Examining the process of developing Cogmind's scoresheet and its content as it evolves into its final form.

Posted by Kyzrati on Aug 7th, 2019

In-game content is important, but for many roguelike players there's a lot of fun to be had outside the game as well, be it reviewing records of one's own runs, getting good insights into runs by other players, or relying on data to learn more about the game and engage in theorycrafting.

Back in 2015 I explored morgue files in various roguelikes and wrote about a potential future for Cogmind's own so-called "scoresheets." The original intent of these files, added for the 7DRL in 2012, was simply to report the player's score for each run and give a few very basic stats. It was a 7DRL , after all, and there wasn't a bunch of time for heavy record keeping.

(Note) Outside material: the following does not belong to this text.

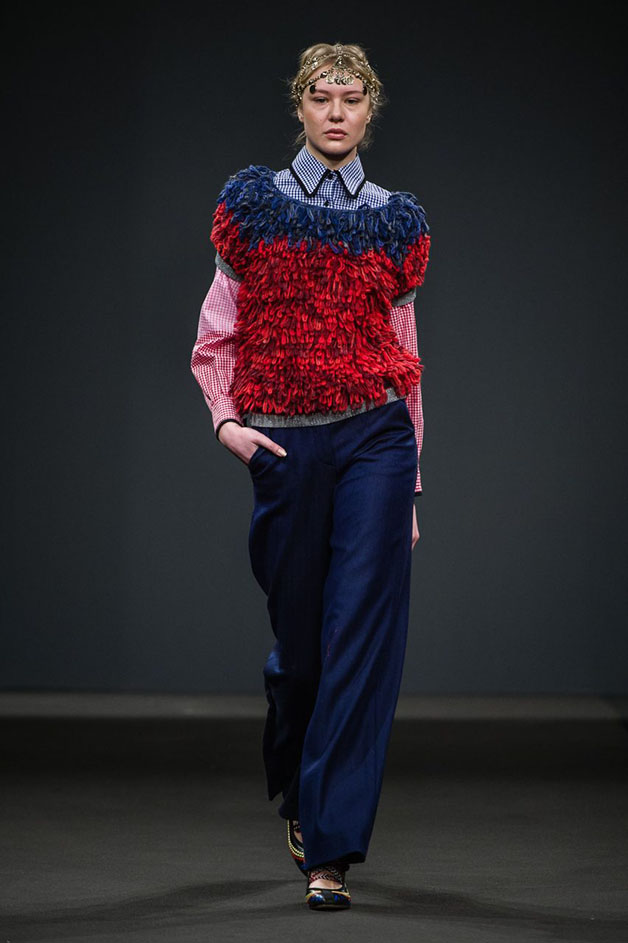Una collezione quella di Miahatami, molto ricercata e curata nei particolari, nelle forme e nelle lavorazioni: nodi (che ricordano le sciarpe che le danzatrici del ventre appongono sui fianchi), intrecci, sovrapposizioni con strati di tessuti (d’ispirazione tradizional-popolare), frange di seta e pieghe a ventaglio, formano outfit quasi a ricordare le linee architettoniche.

A sample Cogmind 7DRL scoresheet (2012!), very simple indeed.

In the days after 7DRL I wanted to run a tournament and thought it'd be fun to hand out achievements, but to do that we'd need more stats to base them on. Being outside the 7-day restriction I was free to spend some time on that and the "Stats" section got a few dozen more entries. You can see what the scoresheet became in those days in this example from Aoi, one of only two players known to have ever won the 7DRL version (the high scores, with links to scoresheets and tournament achievements, can be found here).

In the years since, aside from occasionally adding new sections to the file, the primary Stats section simply grew longer and longer as I tacked on entries for new mechanics and content, growing from 79 in the 7DRL (2012) to 328 in Alpha 1 (2015) to 818 in Beta 8 (2019)!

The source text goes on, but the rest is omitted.